O cristianismo, ao contrário,
tornou-se imediatamente missionário, como se a ideia de que só nosso Deus é o
verdadeiro acarretasse o dever moral de convertermos a todos os que veneravam
outros deuses. O Islã tomou um caminho parecido, com a consequência que as duas
religiões parecem estar em guerra até hoje.
Duas observações:
1. É sempre sábio desconfiar dos que
querem nosso bem —quer estejam vestidos de cruzados, de comunistas ou de
pastores.
2. O caso dos judeus mostra que a
crença que nosso Deus seja o único verdadeiro, não nos dá necessariamente o
dever e o direito de convertermos o mundo a ferro e fogo.

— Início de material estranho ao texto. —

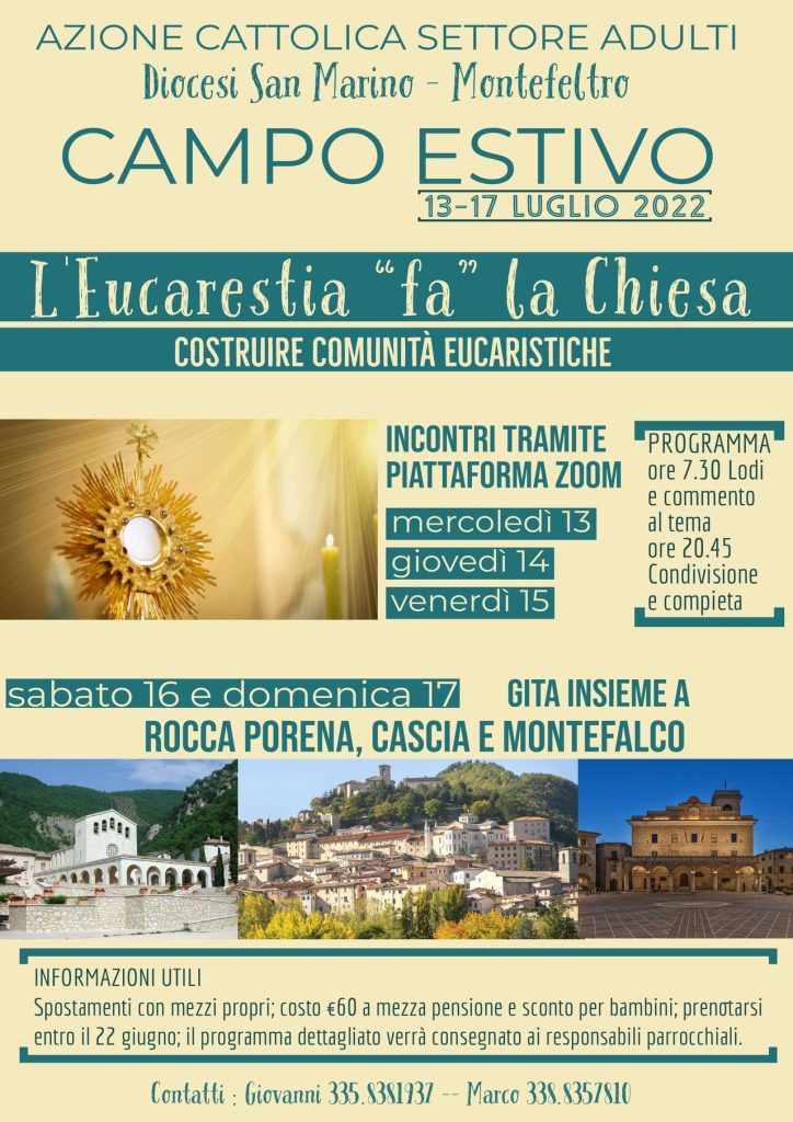 Dal 13 al 17 luglio l'Azione Cattolica Settore adulti organizza un campo scuola sul tema: "L'Eucarestia fa la Comunità". I primi tre giorni si svolgeranno su piattaforma Zoom (preghiera del mattino, meditazione e condivisione serale). Sabato 16 e domenica 17 luglio gita insieme a Rocca Porena, Cascia e Montefalco. Iscrizioni entro il 22 giugno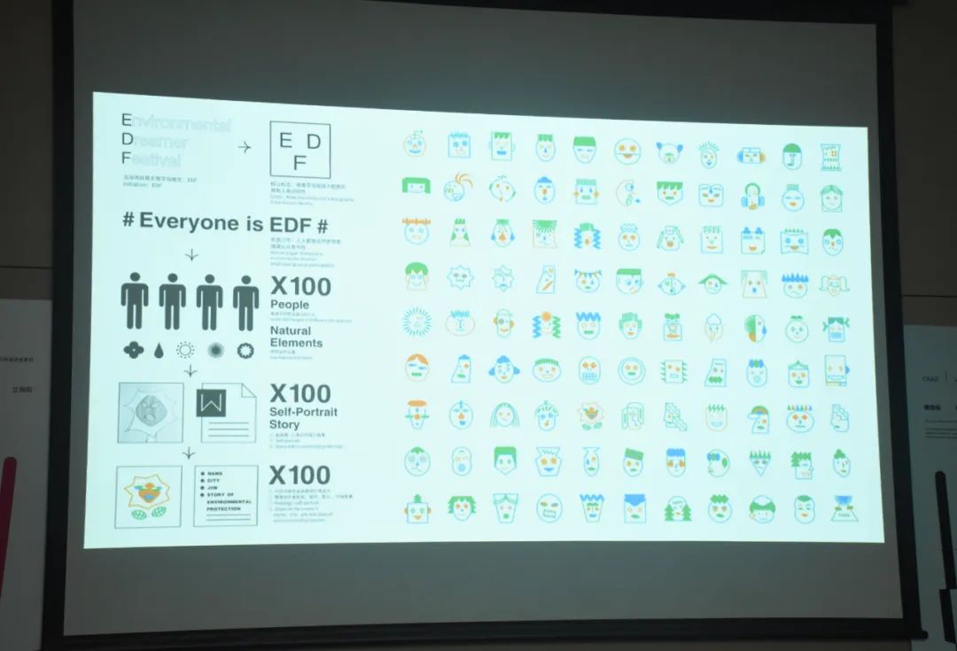 “我的作品中,故事的成分很多。好故事之于设计师就像一个优秀剧本对于导演的重要性,设计师拥有了好故事,才能触及心灵,从而确定设计方案。”比如在2019年的“自然梦想家项目”中,廖老师从“人人都是自然梦想家”的口号出发,邀请一百位不同行业的职人用不同材料创作自画像;工作室团队对百幅画作进行了视觉提炼,指导社区成员在画布上完成了一项大型的自由拼接创作。2023年深圳市公共艺术展上,廖老师的工作室基于“岭南风情、粤土人情”的构想,以红绿两色为主,将文字与内经图相结合,又融合凉茶药材与设计,把旧物做出新意,体现了设计创意的价值。

O cristianismo atribuiu a si
uma vocação missionária universal ao lutar para se tornar religião oficial do
Império Romano. Mas essa circunstância não explica por qual razão interna (e
não só de expansão pelo mundo) os cristãos se tornaram logo ‘terríveis’. Por
que precisaram que todos os outros adotassem as suas crenças e as suas regras
de comportamento?
Talvez haja, nos anseios
missionários, uma vontade de fazer o bem. É possível. Mas os anseios
missionários, sobretudo quando se tornam impositivos e violentos, mal escondem
a boçalidade. O que é a boçalidade? Nenhum cristão consegue controlar seus
desejos “pecaminosos” e as dúvidas de sua fé.
Quanto mais os desejos e as
dúvidas o pressionam, tanto mais ele se torna boçal, ou seja, tenta reprimir
nos outros tudo o que ele não consegue reprimir nele mesmo.
A boçalidade cristã tem uma
longa história, que, aliás, deveria ser contada nas salas de aula (isso, se as
aulas não fossem lugares de doutrinação cristã e boçal, justamente). Durante o
primeiro milênio, a boçalidade se encarregou de exterminar e apagar um outro
cristianismo, menos ou nada boçal, que poderia ainda ser o nosso (para começar,
veja M. Onfray, ‘O Cristianismo Hedonista’, ed. Martins Fontes).
No mesmo período, a
boçalidade também destruiu a cultura clássica greco-romana (veja C. Nixey, ‘A
Chegada das Trevas - Como os Cristãos Destruíram o Mundo Clássico’, ed.
Desassossego).
E a boçalidade vingou quando,
na Renascença, a razão começou a semear dúvidas. Será que a terra é plana ou
redonda? Será que está mesmo ao centro do universo? Os boçais foram deveras ‘terríveis’:
‘Para afastar as
dúvidas que surgiam neles mesmos, eles se puseram a queimar bruxas e hereges’.
A ministra Damares se
preocupou recentemente com a possibilidade de que uma feminista se masturbasse
com um crucifixo.
Há 400 anos, numa praça de
Toulouse, um jovem filósofo, Giulio Cesare Vanini, foi executado por pensar que
há leis da natureza e que talvez haja evolução das espécies. Antes de ser
estrangulado e queimado (e que suas cinzas fossem no fim dispersadas), o algoz
lhe cortou a língua, culpada por falar demais.
Quase sempre, nos últimos
momentos de um herege, havia um boçal ‘terrível’ que lhe estendia um crucifixo,
para que fosse a última coisa que o supliciado contemplasse. Não é improvável
que o sangue de Vanini tenha espirrado no crucifixo. Se isso aconteceu,
acredito que o sangue de Vanini sujou o crucifixo muito mais profundamente do
que a lubrificação de qualquer feminista imaginada por Damares.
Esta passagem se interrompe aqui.